Barber-Rotenberg Julie S, Selvanathan Saravana P, Kong Yali, Erkizan Hayriye V, Snyder Tara M, Hong S Peter, Kobs Christina L, South Natalie L, Summer Steven, Monroe Philip J, Chruszcz Maksymilian, Dobrev Veselin, Tosso Perrer N, Scher Lauren J, Minor Wladek, Brown Milton L, Metallo Steven J, Üren Aykut, Toretsky Jeffrey A
Department of Oncology, Georgetown University Lombardi Comprehensive Cancer Center, Washington, DC, USA.

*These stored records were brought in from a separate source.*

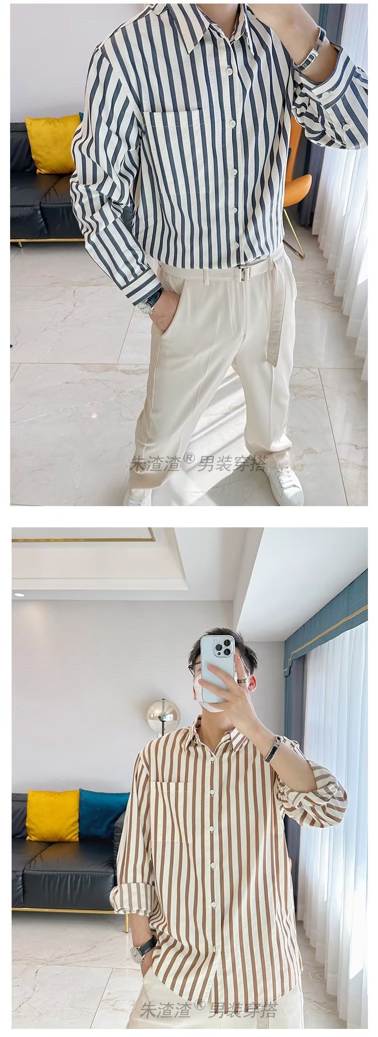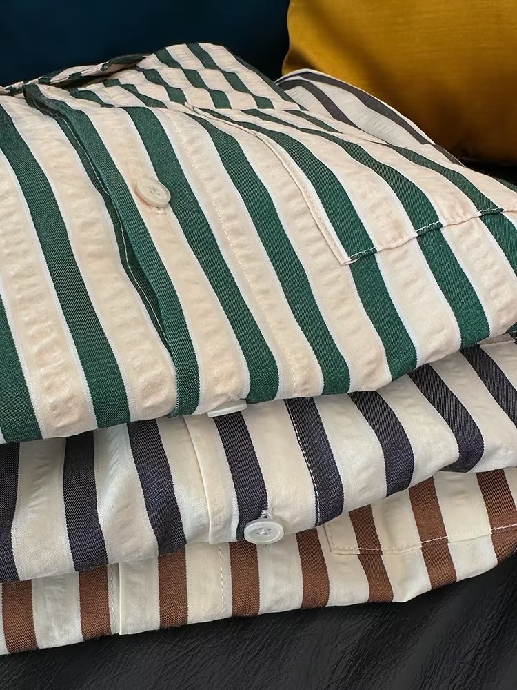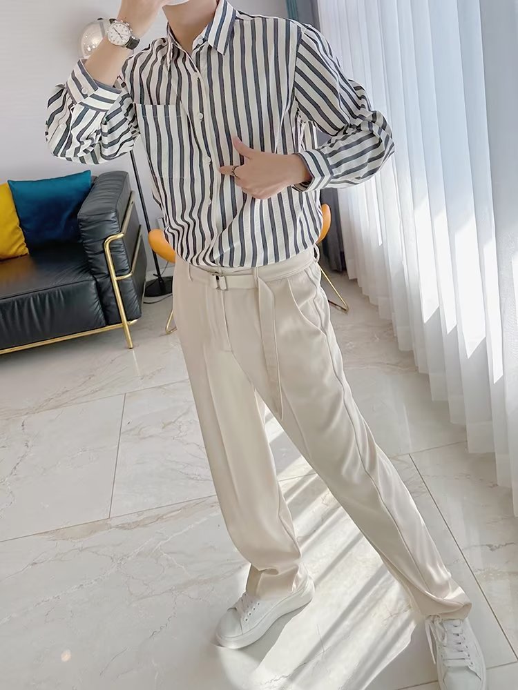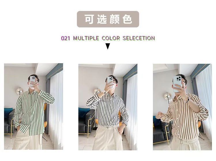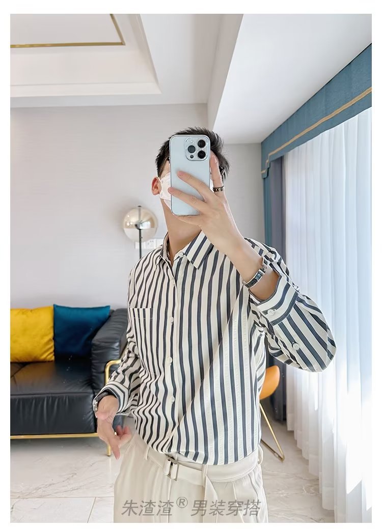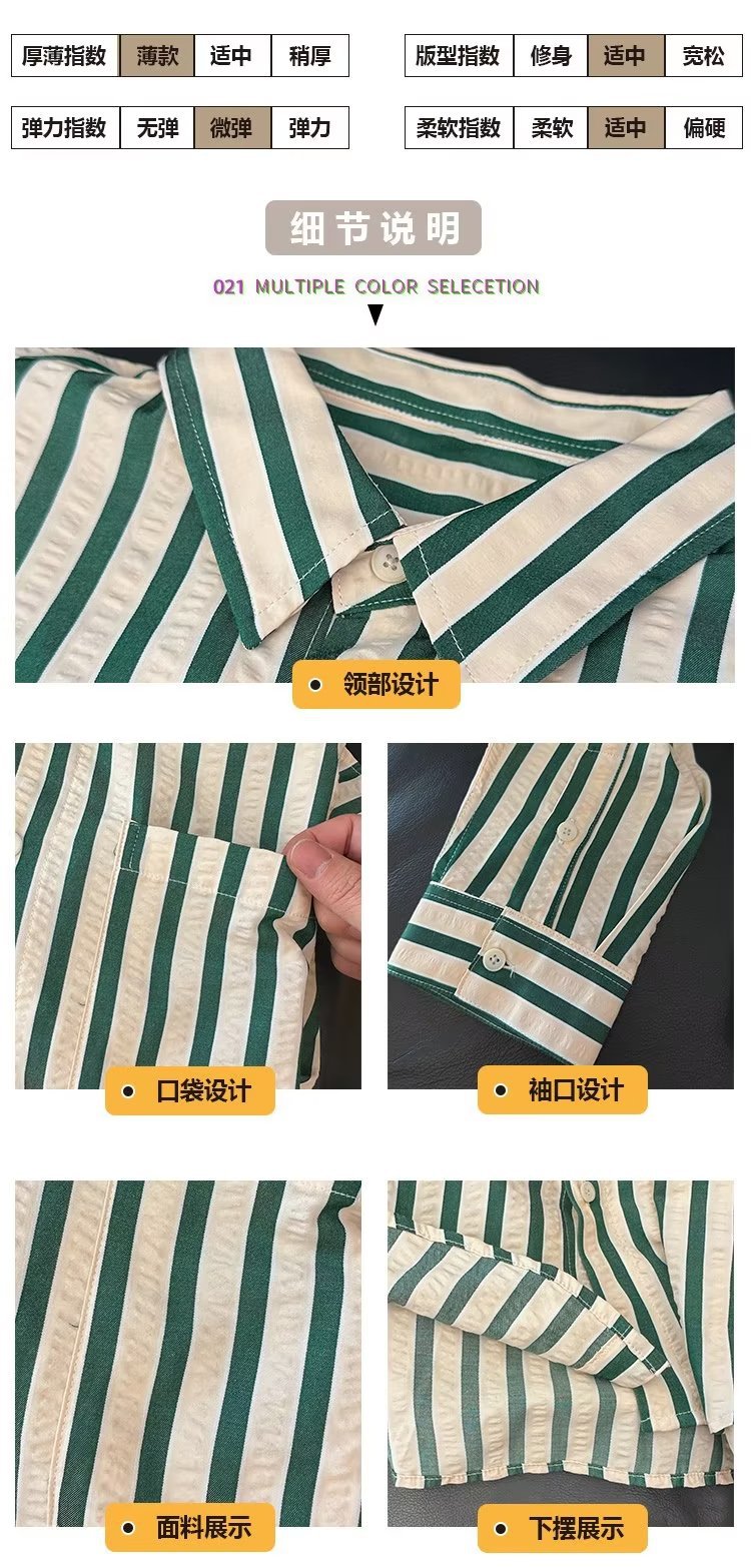 Camisa de primavera y otoño Chaqueta delgada de lujo ligera para adolescentes Camisa casual de negocios de manga larga a rayas verticales para hombres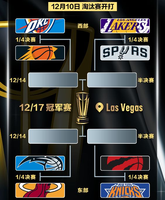 NBA杯八强出炉:湖人vs马刺 雷霆vs太阳 卫冕冠军出局东部乱斗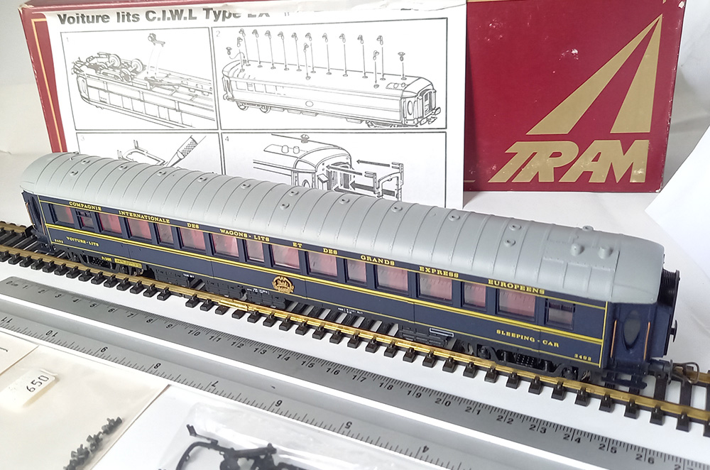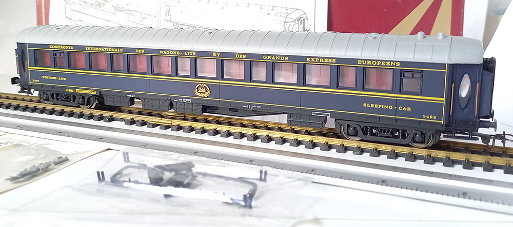 CIWL type LX slaapwagon, wagennummer 3492 - SNCF - met interieur, aanbouwdelen en toelichting nieuw in originele (ietwat beschadigde) originele verpakking. Na plaatsen van de luchters blijven er 4 gaatjes over......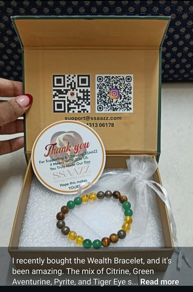 "I recently bought the Wealth Bracelet, and it's been amazing. The mix of Citrine, Green Aventurine, Pyrite, and Tiger Eye stones really helps me stay focused on my thought process. I've noticed that it's supporting my financial improvement plans and bringing good chances my way.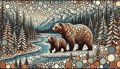Mosaic Wilderness: A Grizzly Bear and Cub amidst Canada’s Seasons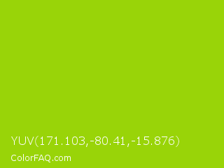 YUV 171.103,-80.41,-15.876 Color is a normal lime color and the nearest color is Sheen Green #8fd400. Hex code #99d408 and RGB value is rgb(153,212,8). In RGB color space, this color is composed of 60% red, 83% green, 3% blue, In CMYK color space, this color is composed of 28% cyan, 0% magenta, 96% yellow , 17% black , In HSL color space, this color has a hue angle of 77° , 93% saturation and 43% lightness.

Oncotarget. 2012 Feb;3(2):172-82. doi: 10.18632/oncotarget.454.
Oncogenic fusion proteins, such as EWS-FLI1, are excellent therapeutic targets as they are only located within the tumor. However, there are currently no agents targeted toward transcription factors, which are often considered to be 'undruggable.' A considerable body of evidence is accruing that refutes this claim based upon the intrinsic disorder of transcription factors. Our previous studies show that RNA Helicase A (RHA) enhances the oncogenesis of EWS-FLI1, a putative intrinsically disordered protein. Interruption of this protein-protein complex by small molecule inhibitors validates this interaction as a unique therapeutic target. Single enantiomer activity from a chiral compound has been recognized as strong evidence for specificity in a small molecule-protein interaction. Our compound, YK-4-279, has a chiral center and can be separated into two enantiomers by chiral HPLC. We show that there is a significant difference in activity between the two enantiomers. (S)-YK-4-279 is able to disrupt binding between EWS-FLI1 and RHA in an immunoprecipitation assay and blocks the transcriptional activity of EWS-FLI1, while (R)-YK-4-279 cannot. Enantiospecific effects are also established in cytotoxicity assays and caspase assays, where up to a log-fold difference is seen between (S)-YK-4-279 and the racemic YK-4-279. Our findings indicate that only one enantiomer of our small molecule is able to specifically target a protein-protein interaction. This work is significant for its identification of a single enantiomer effect upon a protein interaction suggesting that small molecule targeting of intrinsically disordered proteins can be specific. Furthermore, proving YK-4-279 has only one functional enantiomer will be helpful in moving this compound towards clinical trials.
致癌融合蛋白,如EWS-FLI1,是极佳的治疗靶点,因为它们仅存在于肿瘤内。然而,目前尚无针对转录因子的药物,转录因子通常被认为是“不可成药的”。越来越多的证据表明,基于转录因子的内在无序性,这一观点并不成立。我们之前的研究表明,RNA解旋酶A(RHA)增强了EWS-FLI1(一种假定的内在无序蛋白)的致癌作用。小分子抑制剂对这种蛋白质-蛋白质复合物的干扰证实了这种相互作用是一个独特的治疗靶点。手性化合物的单一对映体活性已被视为小分子-蛋白质相互作用具有特异性的有力证据。我们的化合物YK-4-279有一个手性中心,可通过手性高效液相色谱法分离为两种对映体。我们发现两种对映体之间的活性存在显著差异。在免疫沉淀试验中,(S)-YK-4-279能够破坏EWS-FLI1与RHA之间的结合,并阻断EWS-FLI1的转录活性,而(R)-YK-4-279则不能。在细胞毒性试验和半胱天冬酶试验中也确立了对映体特异性效应,(S)-YK-4-279与外消旋YK-4-279之间的差异高达一个对数倍。我们的研究结果表明,我们的小分子只有一种对映体能够特异性靶向蛋白质-蛋白质相互作用。这项工作意义重大,因为它确定了单一对映体对蛋白质相互作用的影响,表明小分子靶向内在无序蛋白可以具有特异性。此外,证明YK-4-279只有一种功能性对映体将有助于推动该化合物进入临床试验。